Vamos à rua Joaquim Azevedo.
Saem de casa e encetam a
caminhada. Chegados à rua Joaquim Azevedo, vão directos ao estabelecimento do
vidente Neto, depois de passarem por uma pastelaria, onde Adélio foi urinar às
escondidas, enquanto Rubi distraía o dono.
Entram. Ao centro, a
mesma mesa com cadeiras, ao fundo, as mesmas três motas encostadas à parede
mais a sua motorizada que lá tinha ficado quatro anos antes. Entre a mesa e as
motorizadas estava Neto, enrolado numa vaca insuflável, que imitia “muuus”,
comprada num salão erótico, e que diz, quando Neto lhe aperta as tetas: “Hola, yo soy Laura, una gran vaca, tira-me
leche”.
Perante este cenário,
Adélio e Rubi, não quiseram interromper e ficaram a ver! Duas horas depois, as
pilhas da vaca acabam e esta deixa de falar. Neto, louco de desejo, sai de cima
da vaca e monta a V50, de 1956, e aperta as manetes rijas da motorizada,
enquanto sussurra: – Ai Laura, as tuas tetas! Uiiiiiiiiii! Adélio Dani, já
cansado dos devaneios de Neto, estala os dedos, como vê os mágicos fazerem na
televisão. Neto volta à realidade e exausto, vem a rastejar para a mesa,
senta-se e diz:
– Estava à vossa espera!
- Ui, como é que sabia
que vínhamos cá? Entrámos por acaso, viemos ver as montras e eu disse para o
meu amigo: “Ah, já vimos tudo, vamos ali!”.
- Engano teu, rapaz, eu
estou à espera de toda a gente, porque toda a gente entra uma segunda e
terceira vez no meu estabelecimento do oculto, nunca uma primeira vez! Acabei
com as primeiras vezes, são sempre chatas! – Diz Neto, em tom solene.

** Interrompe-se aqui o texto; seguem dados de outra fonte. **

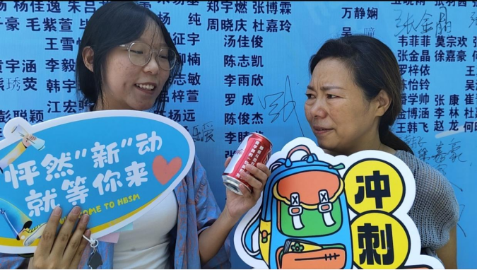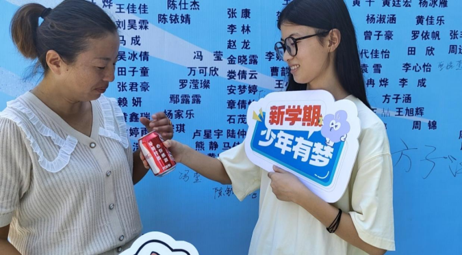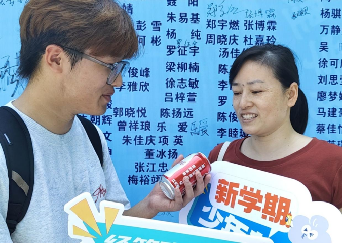 清晨的阳光透过树梢,洒在校园的每一个角落,也为新生们的脸庞镀上了一层金色的光辉。在公司精心布置的由新同学的名字拼成的“你好,新同学”展板上,一幅幅温馨的画面悄然上演。新生们手拿带有感恩标语的可乐上,眼含热泪,送给一同而来的父母,用最简单却最真挚的方式表达着对父母的感激之情。

- Poça! – Exclama Adélio Dani, arregalando os olhos.
- Que queres saber, meu
rapaz?
- Bem, é o seguinte…tenho
dúvidas sobre que carreira profissional seguir… -E é interrompido por Neto.
- Espera, espera, se
estás com dúvidas – e coloca as mãos na testa – aaahhhh…tu tens duas opções de
escolha, pelo menos!
- É isso! – Diz Adélio
entusiasmado e com a certeza de que veio ao sítio certo.
- Conta-me! – Diz Neto,
abrindo os braços.
- Bem, tenho duas
hipóteses, ou vou para assistente do Nel
Gócha, ou vou para nadador-salvador!
- Sabes nadar? – Pergunta
Neto.
- Não!
Neto, o vidente,
levanta-se e dirige-se para uma das motorizadas que estão ao fundo da garagem!
Coloca o “quico” na cabeça, monta a Famel
e durante breves momentos acaricia o depósito de combustível da motorizada!

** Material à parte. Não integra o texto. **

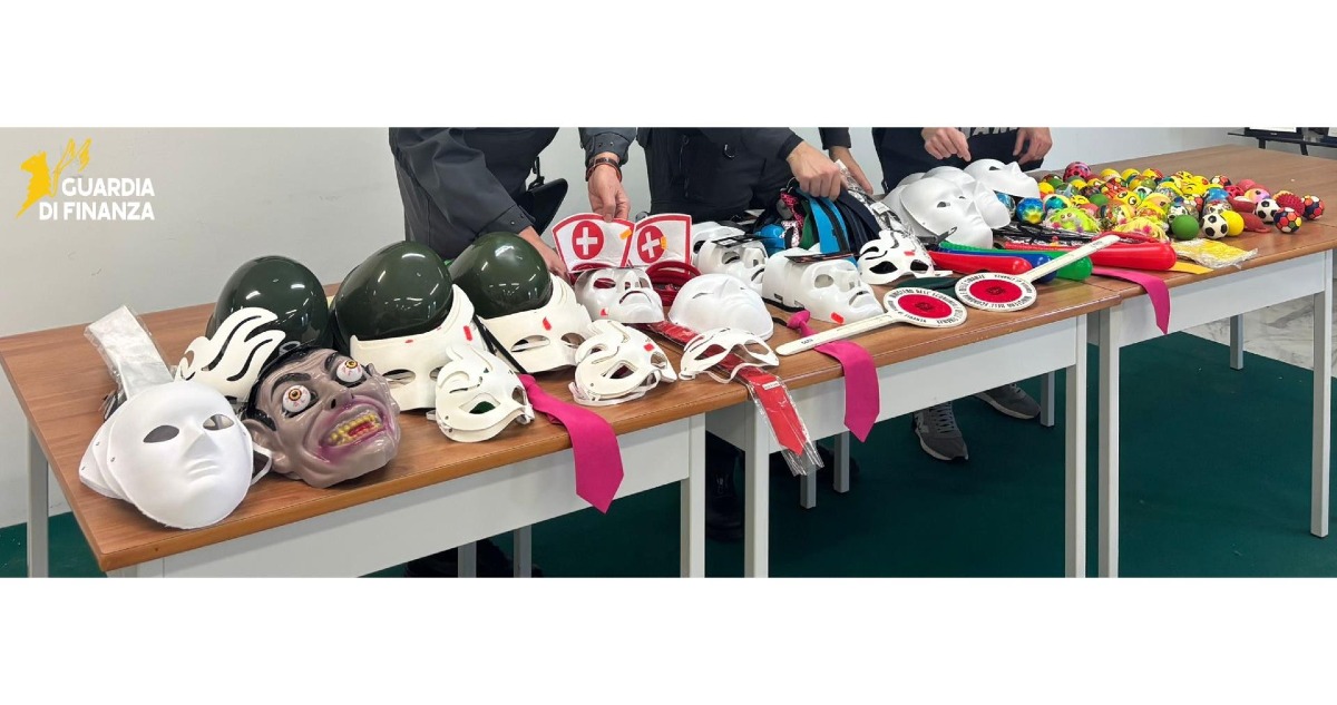 All’esito delle ispezioni condotte, avvalorando gli alert di rischio emersi, sono stati individuati e sequestrati presso un “emporio”, gestito da un cittadino di origine sinica, oltre 250 articoli carnevaleschi, tra cui machere, decorazioni, giochi e oggettistica di vario genere.

Desmonta a motorizada, saca de pente, penteia o cabelo para o lado e dirige-se
novamente para a mesa, no centro da sala, senta-se e diz:
- Não interessa, vais só
para nadador, esquece o salvador. É preferível isso a trocares de roupa no
mesmo camarim do Nel Gócha!
- Obrigadinho! Vamos
Rubi.
- Vamos, o caneco, seu
nabo, deixa a gratificação do Neto.
Como Adélio Dani não
tinha dinheiro, tentou deixar três bolachas Maria,
algo que Neto não aceitou. A solução, foi deixar os sapatos ortopédicos,
herdados de Gonçalo há muitos anos atrás. Apesar de sair descalço, saiu com as
ideias arrumadas. Iria ser nadador…salvador! O Verão estava a chegar.
Com urgência,
apresenta-se a necessidade de aprender a nadar. Adélio Dani começou a ler
livros técnicos sobre a concentração de sal dos mares e aprendeu que para não
se afogar, mesmo sem saber nadar, a salinidade do mar tem que ser superior a 55
%. Mares com estas características apenas se encontram em alguns locais do Médio
Oriente e Ásia, mas Adélio ainda não se acha preparado para imigrar, nem mesmo
para concretizar o objectivo de ser nadador-salvador… tem que arranjar outras
alternativas.
- Au, au, au, au,
au, au, auuuuuuu, au, au!
- É isso Rubi, perfeito!
– Exclama Adélio Dani, que percebeu mal o latir de Rubi.
Foi de imediato a casa de
Alfredo, um columbófilo romântico de meia-idade, famoso por ter mais hamsters do que pombos.